About 100 people walk through the bilingual circuit. All workers in the rehabilitation unit are part of the circuit, but not all can guarantee care in Basque. Most are nurses, nursing assistants and about 40% are vasco-speakers. Among the physiotherapists, the highest number of vasco-speakers stands out, eight out of ten. They're above average. On the other hand, more than half of the doctors are Basque.

The key is daily life.

The effectiveness of the circuit is measured on a daily basis. Professionals take concrete steps to ensure care in Basque: “I visit hospitalized patients every day and if they have identified the language in which they want to be cared for, it is very easy,” said Valencia. So if you want attention in Basque – among other things, you put it on the slates above the bed – you do it directly in Basque. On the contrary, if there is no identification, the doctor first addresses himself in Euskera: “I greet you in Basque and we play based on your response. If he answers in Basque, we continue like this, and if not, we ask him what he prefers,” said Valencia.

The appearance of the linguistic option on the board does not occur on all floors. This is a measure taken in the rehabilitation unit, within the reflection process: “If it is done on the other floors it is by imitation, because we have expanded it, but it was proposed by the nurses here in the elaboration of the circuit,” said the head of Euskera.

They also have other measures: “When we see a patient and decide which therapy he needs, we give a record to the workers of that therapy.
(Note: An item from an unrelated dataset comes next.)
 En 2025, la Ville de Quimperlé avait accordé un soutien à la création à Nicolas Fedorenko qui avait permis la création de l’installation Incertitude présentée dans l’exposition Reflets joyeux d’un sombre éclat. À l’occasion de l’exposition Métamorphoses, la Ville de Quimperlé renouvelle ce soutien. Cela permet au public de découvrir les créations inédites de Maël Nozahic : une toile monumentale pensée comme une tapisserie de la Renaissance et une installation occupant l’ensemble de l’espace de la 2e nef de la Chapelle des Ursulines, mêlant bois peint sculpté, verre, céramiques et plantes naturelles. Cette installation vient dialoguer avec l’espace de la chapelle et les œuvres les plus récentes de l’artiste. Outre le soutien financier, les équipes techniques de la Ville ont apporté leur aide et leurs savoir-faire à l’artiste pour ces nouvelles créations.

In the case of Euskaldunes patients, we place a stamp on the medical record, if possible to ensure care in Euskera in the therapy”, explains Valencia.
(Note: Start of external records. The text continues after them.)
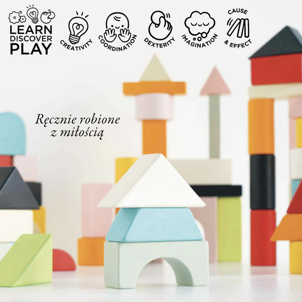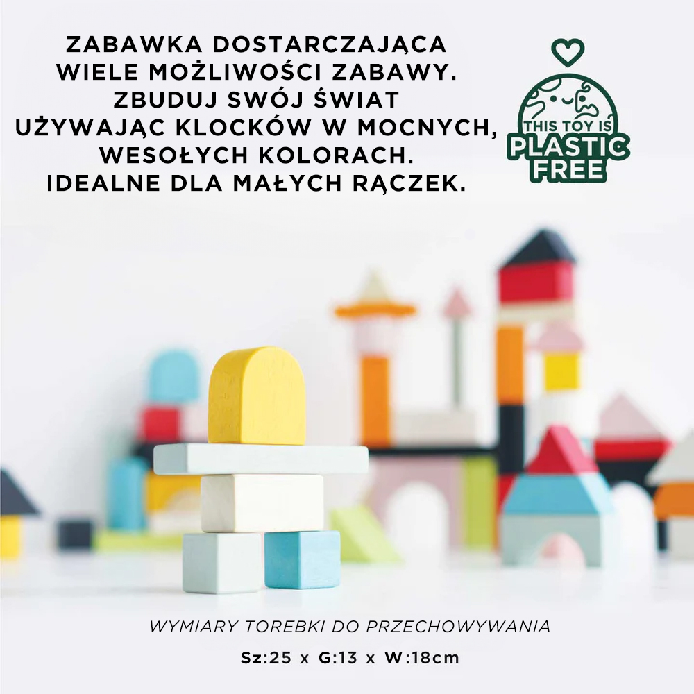 Drewniane klocki mają różne kształty doskonałe do budowania wymyślnych konstrukcji. Zestaw zawiera 60 sztuk klocków o gładkich krawędziach oraz materiałową torbę, dzięki czemu po skończonej zabawie można je wszystkie odłożyć na miejsce lub wygodnie transportować, by bawić się także poza domem.
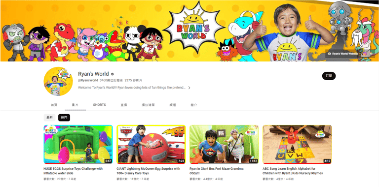 年僅11歲的瑞安卡吉(Ryan Kaji),在YouTube開設介紹玩具等知識性兒童頻道的Ryan's World,光是業配和影片收入就超過3億美元的收入,更是連續三年蟬聯《富比士》雜誌全球YouTuber收入榜首,成為全球最年輕也是賺最多的YouTuber。
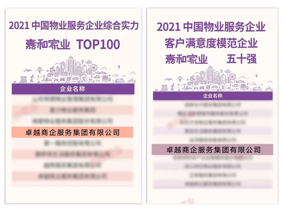 值得慶賀的是,在前不久發(fā)布的億翰智庫(kù)“2021中國(guó)物業(yè)服務(wù)企業(yè)綜合實(shí)力研究成果“上,卓越商企服務(wù)更是憑借優(yōu)異的財(cái)務(wù)表現(xiàn)和客戶口碑,榮登“2021中國(guó)物業(yè)服務(wù)企業(yè)綜合實(shí)力百?gòu)?qiáng)企業(yè)”、“2021中國(guó)物業(yè)服務(wù)企業(yè)客戶滿意度模范企業(yè)50強(qiáng)”、“2021中國(guó)物業(yè)服務(wù)企業(yè)商業(yè)物業(yè)服務(wù)十強(qiáng)”、“2021中國(guó)物業(yè)服務(wù)企業(yè)單坪創(chuàng)收十強(qiáng)”。

Maeztu has pointed out that an “e” in the clinical history can also be used to select the Basque language. Igone Esnaola, head of the apartment, is dedicated to them: “I see every day all the hospitalizations and if I see that he has an “e” in the medical record, I go to the blackboard that is next to his bed. It’s usually put, because nurses have taken the habit.” The supervisor also tries to alert the workers. He says that there are many changes of people on the floor, as far as nurses are concerned, and he always reminds them that on the last page of the leaflet that gives the instructions there are indications about the Basque country, “that you have to take good care”. The rehabilitation plant is frequented by workers who have a booklet to give details: “On the back page there are explanations about Euskera, and we tell them to look at them.”
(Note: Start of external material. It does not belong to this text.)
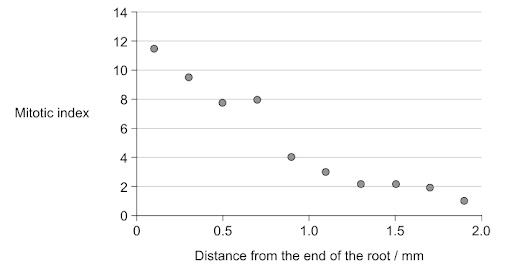 The graph shows the mitotic index in the roots of lentil plants at different distances from the end of the root.

The use of Euskera is not much demanded by the users. Many times, because of ignorance. Even so, Zuloaga has underlined that once they are presented with the bilingual circuit they make a very positive assessment: “If there were prejudices and they knew they had the opportunity to speak in Basque, they would ask for more.” The four agree that the Basque language has been more widely used since the beginning of the circuit: “The circuit is composed of very small details, but the change is total,” concluded Esnaola.